# Help me ID this grape variety



## Train (Jan 18, 2010)

Hi all:

I just made a very nice white from a harvest of white wine grapes in Bellevue, Washington (Western Washington State, USA). I would love to identify the variety of grape if possible. Here are some pics. Thanks in advance for your help!


----------



## AlFulchino (Jan 18, 2010)

i am not familiar w the variety from the pics,,,but they look great....healthy...how many pounds and how much wine did it make?

there is a fellow on this site named Hammered who is also in WA state, he may be able to help you....

is this on your property?


----------



## Green Mountains (Jan 18, 2010)

Al, much more succinct than I. I was going to say "white" grapes.

They do look plump and yummy though.


----------



## Train (Jan 18, 2010)

AlFulchino said:


> .how many pounds and how much wine did it make?
> 
> is this on your property?



Thanks Al. I messaged Hammered. 

There were about ten vines that yielded seventy pounds of fruit, albeit with a way low brix of 10.5. These vines belong to a family friend across town. Next year I will monitor the sugar levels much more carefully. After racking three times I ended up with 22 bottles of wine. We are drinking it already!


----------



## arcticsid (Jan 18, 2010)

I am so envious. I love making my own wine and to see all of you who have access, not only to grapes, but other "wild" fruits as well, makes me reconsider making wine from cat hair, mosquitoes, and snow. I quess spruce needles might be able to be included in that list. Not sure about wine, but they do indeed use spruce needles as an ingredient in beer. Though I haven't tasted any myself, I guess it adds a nice "touch".


----------



## Dhorton (Jan 18, 2010)

mhmm cat hair wine


----------



## deboard (Jan 18, 2010)

Is that a red, white, or a calico?


----------



## AlFulchino (Jan 19, 2010)

in addition to monitoring brix you might look into pruning the vine some and also thinnning the crop to increase your brix potential and overall ripening

depending on how far the vines are spaced you may also be able to not only increase the brix per cluster but also increase yield


----------



## grapeman (Jan 19, 2010)

Do the grapes have the smell of white grape juice? To me they look like slightly unripe Niagra grapes- although a bit small. Niagra tends to be a bit small when they are shaded like it appears to be. Next year let them hang longer to get the brix up. Niagra is a low brix grape and the 10.5 is about what would be expected when they were grown in the shade and slightly unripe. Regardless they do make a good wine. Just bump the sugar up and go for it. It is an early drinker and is even better when sweetened up a bit when fermentation is done. Here is a picture of Niagra grapes from Lon Romberg.


----------



## Train (Feb 7, 2010)

Thanks, Grapeman. I think you are right about the variety; they were growing in the shade of the vine's leaves (my friends use the vines for decoration and not agriculture). That would explain their small size. A good deal of the grapes were overripe, and none were under-ripe.

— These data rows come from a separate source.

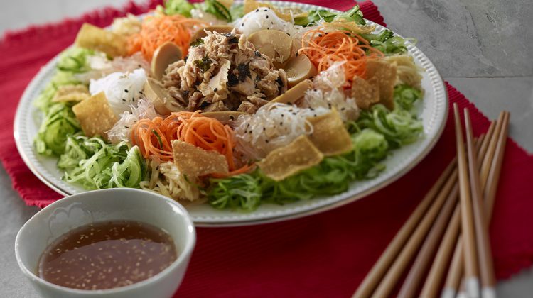 INGREDIENTS • 100 g Ayam Brand Tuna chunks in organic olive oil (or can add more tuna) • 1 Can Ayam Brand Mushrooms, drained and chopped • 12 pcs wonton skins • ¼ cup thinly sliced pickled ginger • 1 lebanese cucumber • 1 carrot • 1 small daikon/white radish • 1/2 tablespoon black sesame, roasted and cooled • 1/2 tablespoon white sesame, roasted and … [Read more...] about CHINESE NEW YEAR RECIPES 2018 WITH AYAM BRAND : Tuna Yee Sang
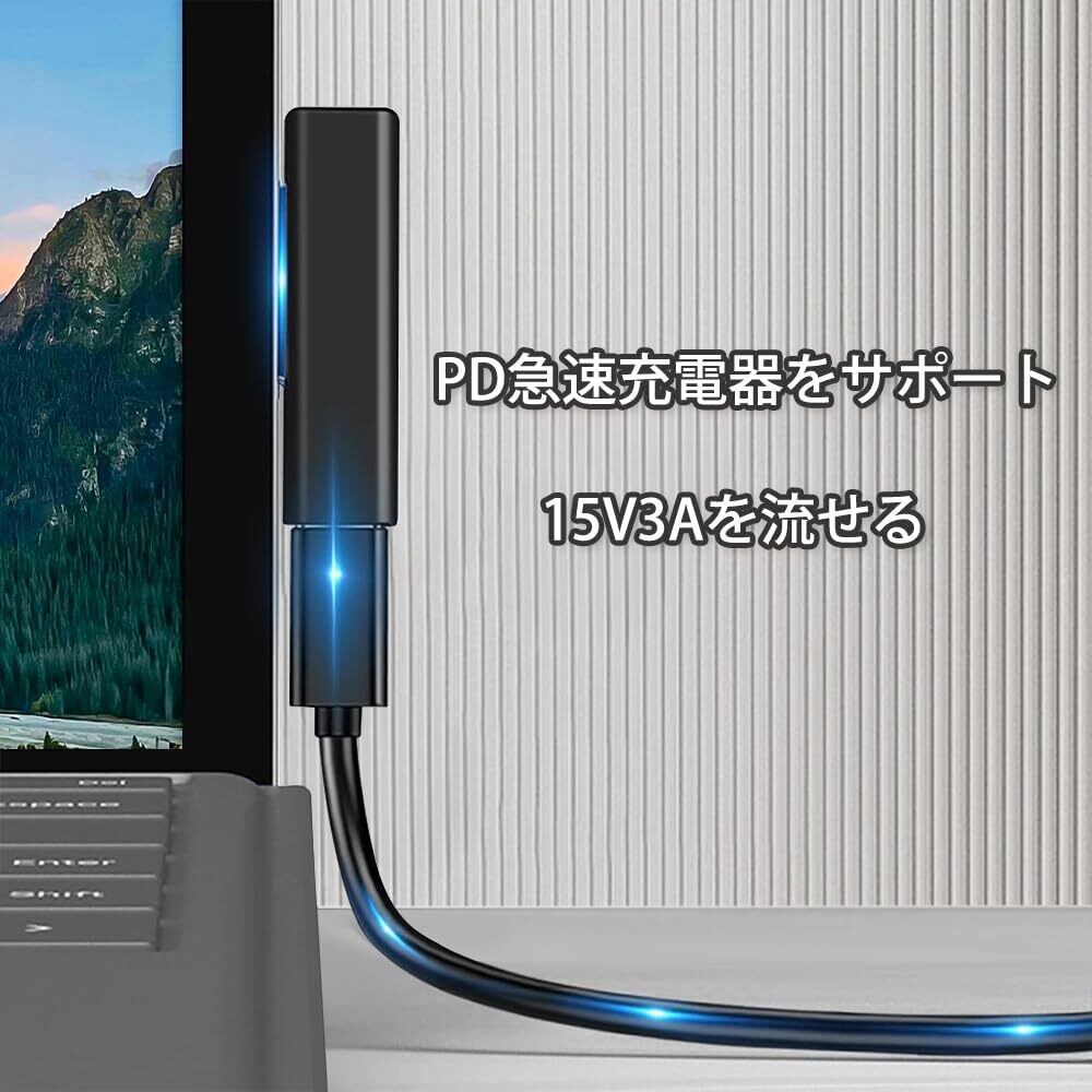 サーフェス充電アダプター Surfaceアダプター Type-c to surface Pro USB PDプロトコル必要 surfacePro7/6/5/4/3/Go3/2/1Laptop1/2/3/4 Book など対応 65W 15V3A急速充電
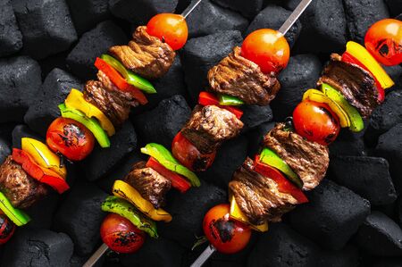 Grilled skewers on wooden sticks, pork meat and vegetables on grill.

I picked these grapes in October 2009, pretty late in the season I think. As a result the juice turned out a little browner than I had hoped, but still created a well-balanced wine. Doesn't the brix level fall as grapes become overripe? 

I actually want to transplant these vines to a new location and do some actual canopy management, but I am concerned about the feasibility of transplanting 26 year-old vines. Have any of you had success in transplanting old vines?


----------



## grapeman (Feb 7, 2010)

The low brix was probably a function of the shading. The brix does not fall when overripe- it will keep rising as the berry dries out, it concentrates the sugar. Get those vines out in the open and they will get sweeter for sure. Good luck.


----------



## Train (Feb 8, 2010)

OK. Thanks for the tips!


----------